TASK STATEMENT → Copy nothing but the lines below, from the one with "Ralph Lauren, Orange" through the one with "GENIUS5 有七 (7)", exactly as written; no pictures should appear.

(Collected data entries)
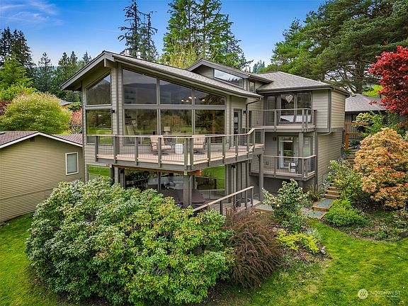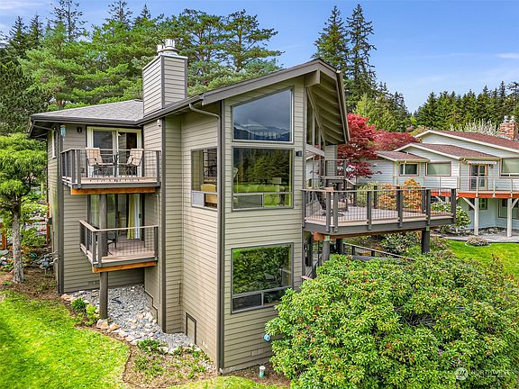 Introducing a one-of-a-kind luxury home that seamlessly blends modern architecture w/ breathtaking natural beauty. Situated on the golf course, this magnificent property boasts stunning Lake Whatcom & Stewart Mountain views. The expansive layout features vaulted ceilings & ample natural light that creates a bright & airy ambiance throughout. Relax & unwind in the hot tub or sauna after a long day while enjoying the serene surroundings. Each of the bedrooms has a balcony with a view, offering a peaceful retreat to take in the picturesque scenery. There is also a studio for the creative-minded to hone their craft. Gorgeous flower gardens, too. This architecturally designed home is a true masterpiece that must be seen to be fully appreciated.
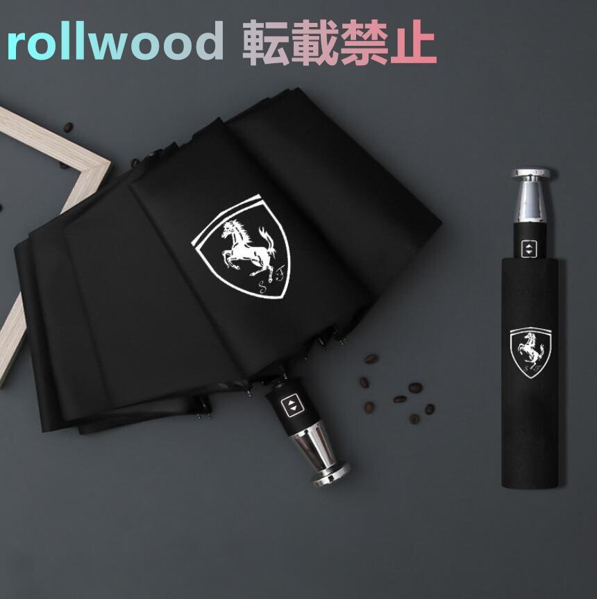 - 新作 フェラーリ ロゴ入り 晴雨兼用 折りたたみ特大強化厚傘 全自動リバースカー 高級アンブレ ラ 車載用 コンパクト 日傘 雨傘
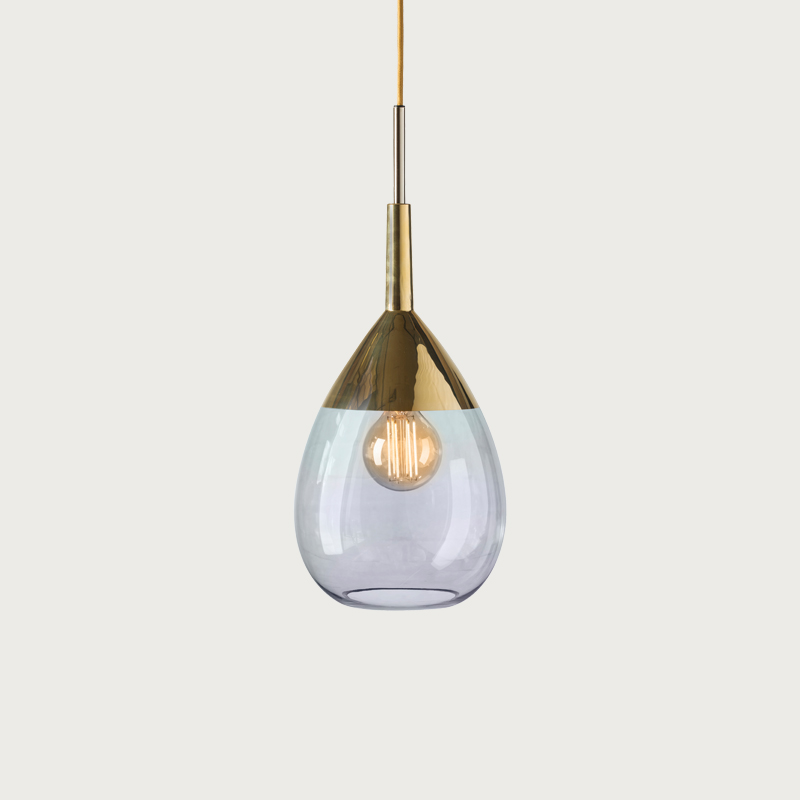 A blend of mouth-blown glass and metal finishes in a variety of colours.
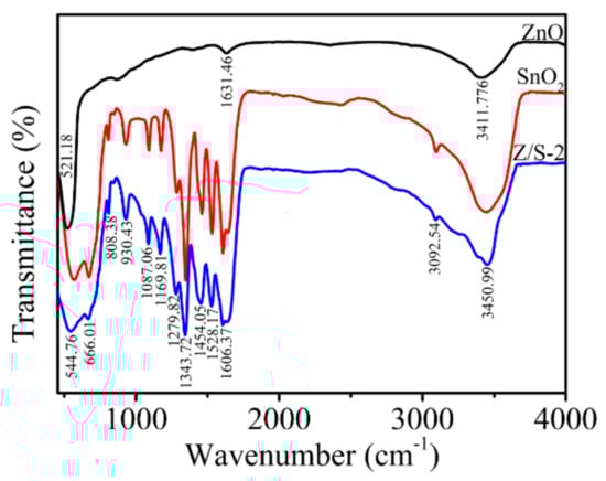 FTIR spectra of SnO2, ZnO, and Z/S-2 composite.
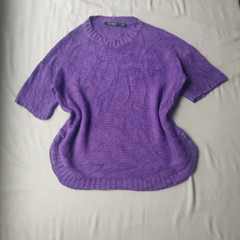 Ralph Lauren, Orange Knit, Short Sleeve Knit, Textured Knit, Designer, Casual Chic, Layering Piece, Vibrant Orange, lyhythihainen neulepaita, pintaneule, naisten neule, klassinen tyyli, laadukas
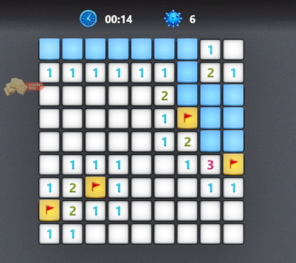 이렇게 하나하나 숫자와 힌트를 두고 눌러가다보면 지뢰를 밟지 않고 10개 모두에 깃발을 꽂을 수 있습니다. 재밌게 즐겨보세요.
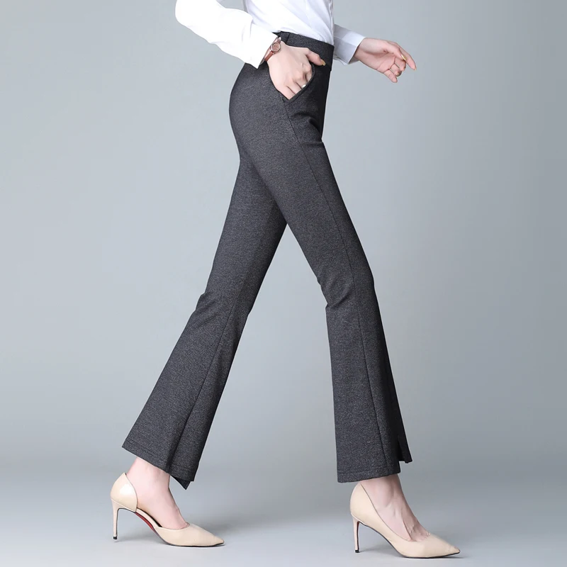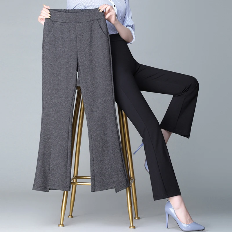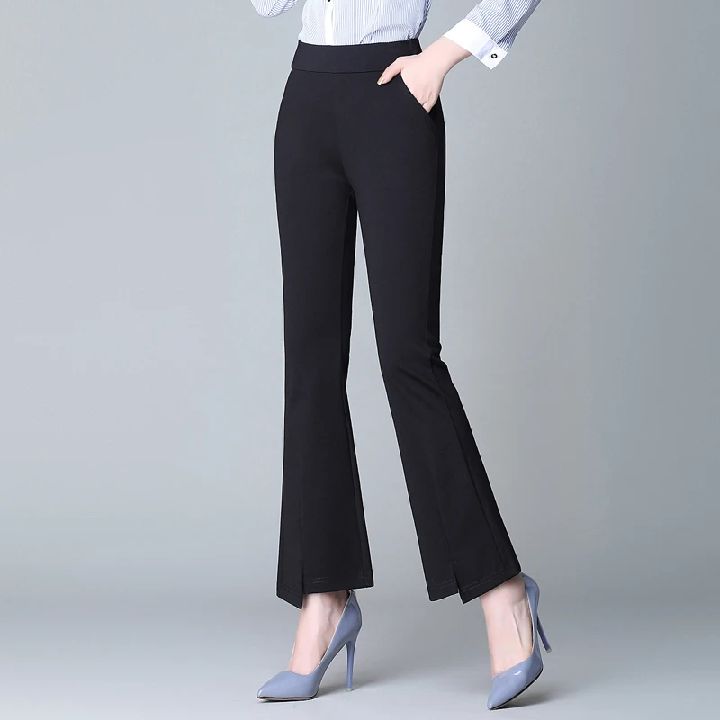 2025 Black Slim Stretch Flared Pants for Women in Spring and Autumn High Waist and Slim Flared Pants Thin Split Flared Pants in
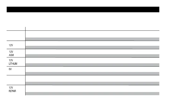 GENIUS5 有七 (7) 種模式: 待機、12V、12V AGM、12V 鋰電池、6V, 復原模式 及 FORCE。某些充電模式必須長按三(3)至五(5)秒才能進入
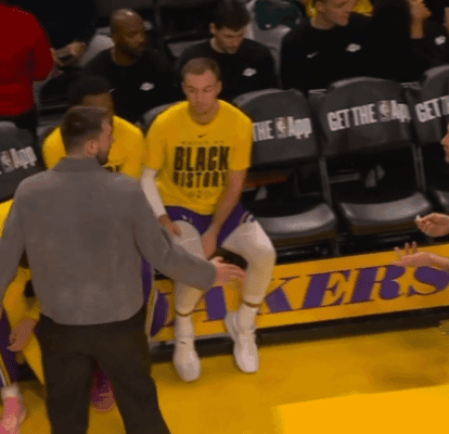 2026-02-13 12:10北京时间2月13日,湖人和独行侠的比赛正在进行中,本场比赛东契奇因伤作壁上观,无缘对阵老东家,身穿便装的东契奇,在场边和主帅雷迪克“斗嘴”。
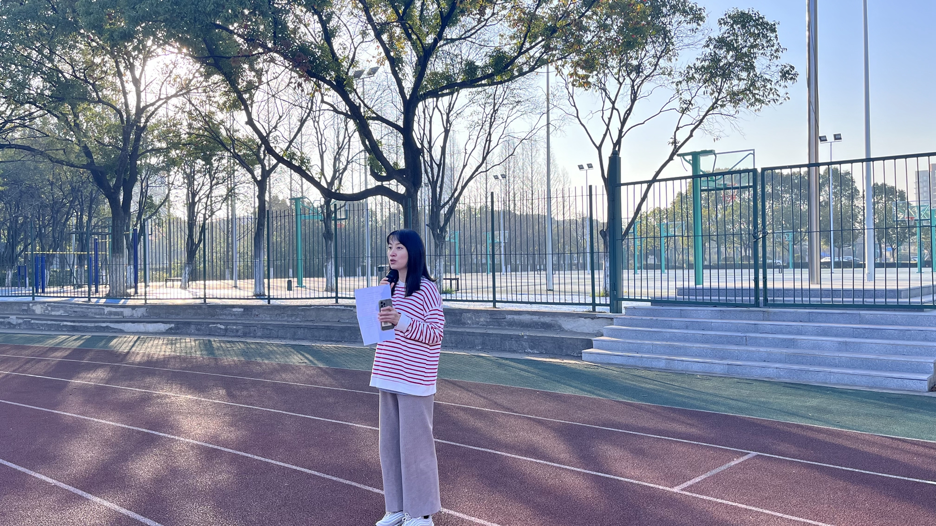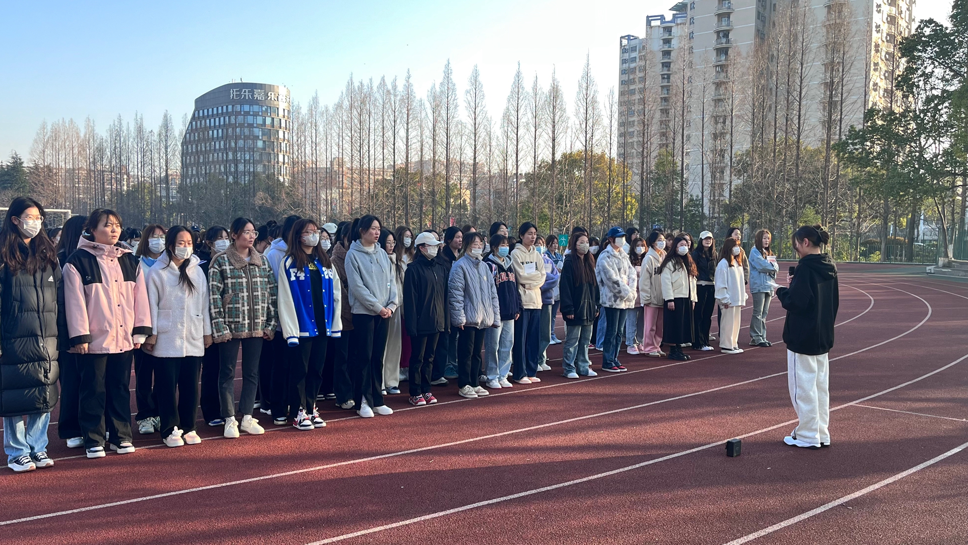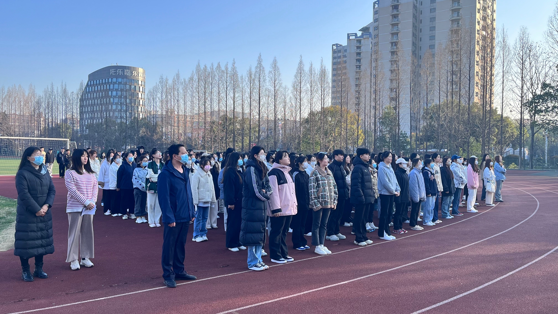 3月13日,我系师生齐聚田径场。迎着初升的朝阳,升国旗仪式正式开始,国旗仪仗队的同学们迈着整齐划一的步伐,护送着鲜艳的五星红旗正步走向旗台。随着庄严的国歌声奏起,全场肃立,全体师生目送五星红旗冉冉升起,一同高唱国歌,鲜艳的五星红旗迎风飘扬,在阳光下熠熠生辉。
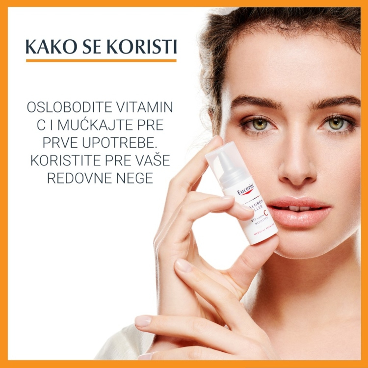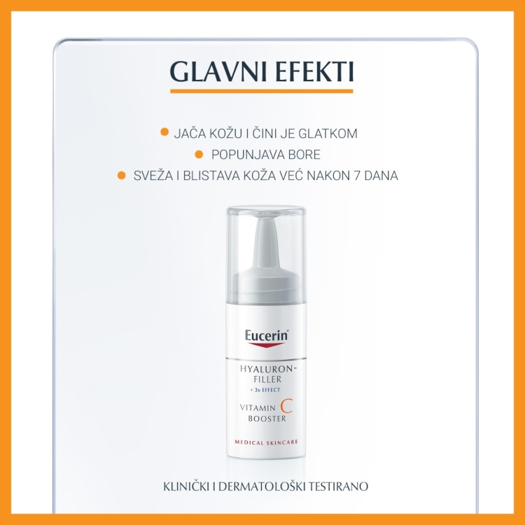 Eucerin Hialuron-Filler Vitamin C Booster je pogodan za sve tipove kože i klinički i dermatološki je dokazano da ojačava kožu i popunjava bore.
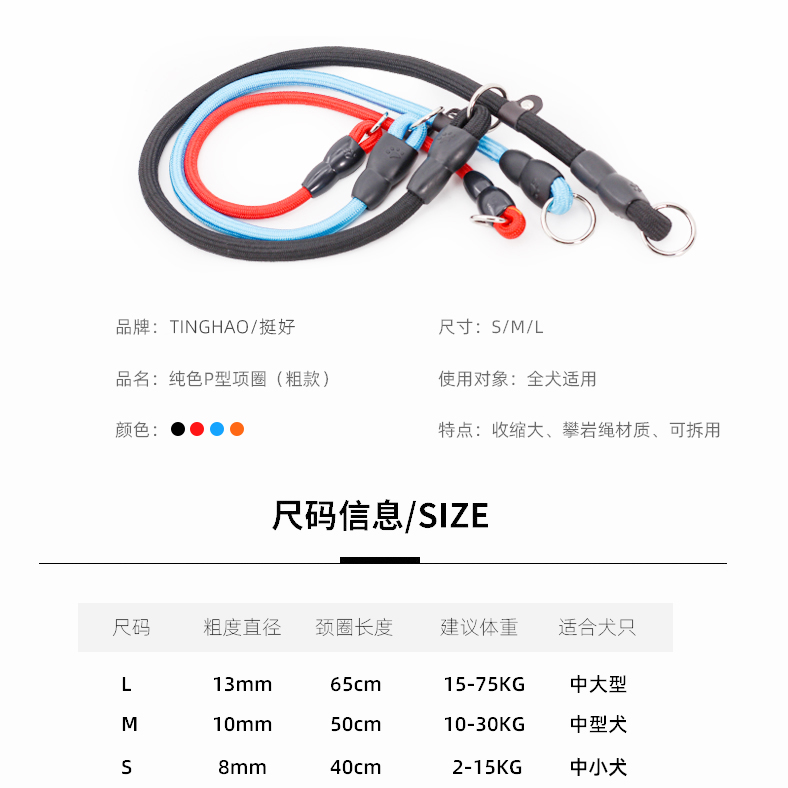 S 8mmx40cm Small Dog M 10mmx50cm Medium Dog L 13mmx65cm Large Dog
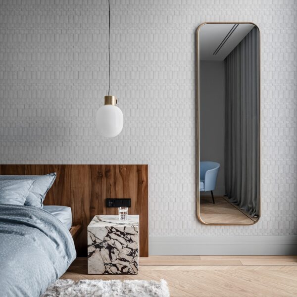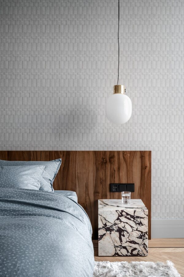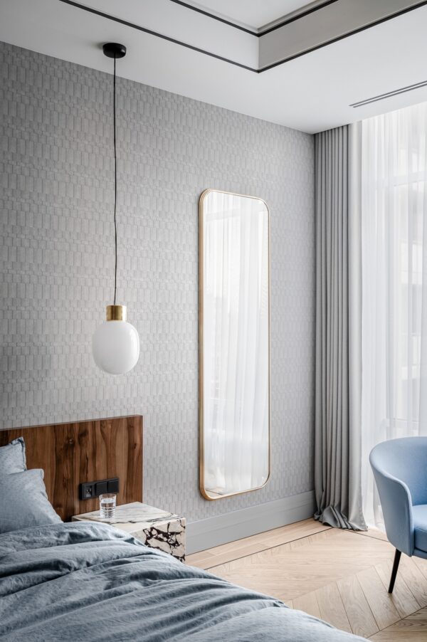 In the master bedroom, textured, silver-gray wallpaper covers the headboard feature wall with a subtle pattern. A wooden headboard provides dark contrast.
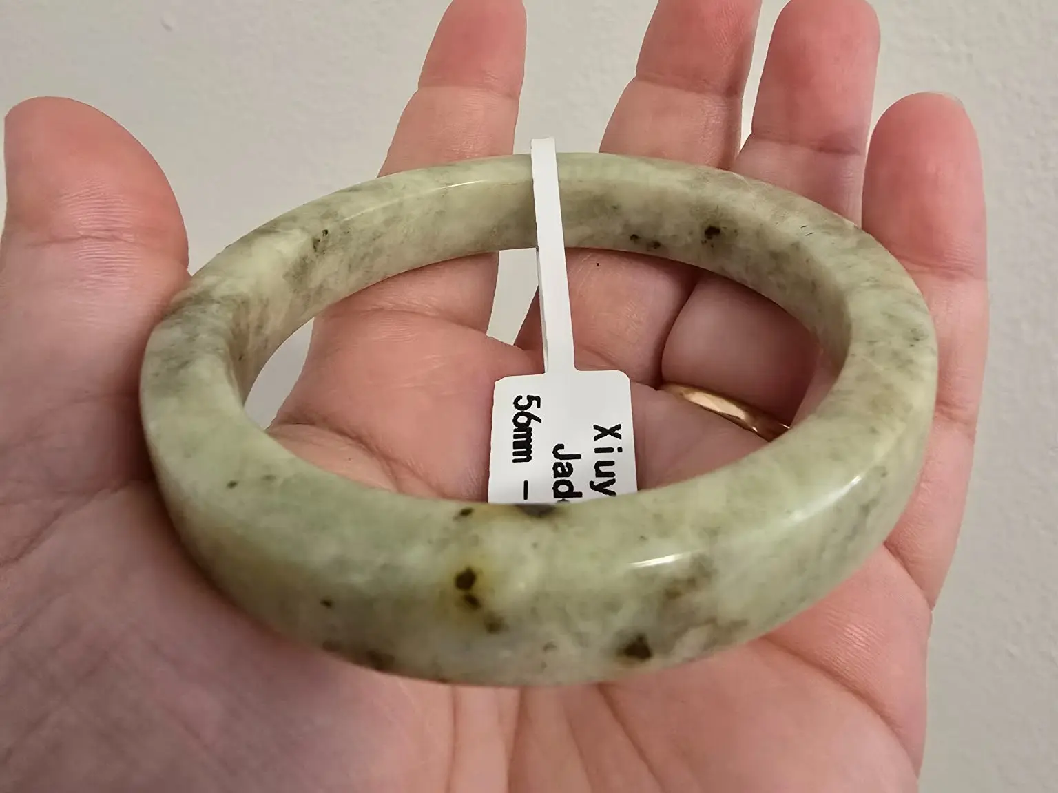 This natural Xiuyan Jade bangle features a soft earthy green tone with natural mineral spotting, giving it a grounded, organic feel. The subtle variations and darker inclusions make each piece unique, like a little piece of nature you can wear.

WRITTEN SOLUTION →
 Ralph Lauren, Orange Knit, Short Sleeve Knit, Textured Knit, Designer, Casual Chic, Layering Piece, Vibrant Orange, lyhythihainen neulepaita, pintaneule, naisten neule, klassinen tyyli, laadukas
 이렇게 하나하나 숫자와 힌트를 두고 눌러가다보면 지뢰를 밟지 않고 10개 모두에 깃발을 꽂을 수 있습니다. 재밌게 즐겨보세요.
 2025 Black Slim Stretch Flared Pants for Women in Spring and Autumn High Waist and Slim Flared Pants Thin Split Flared Pants in
 GENIUS5 有七 (7) 種模式: 待機、12V、12V AGM、12V 鋰電池、6V, 復原模式 及 FORCE。某些充電模式必須長按三(3)至五(5)秒才能進入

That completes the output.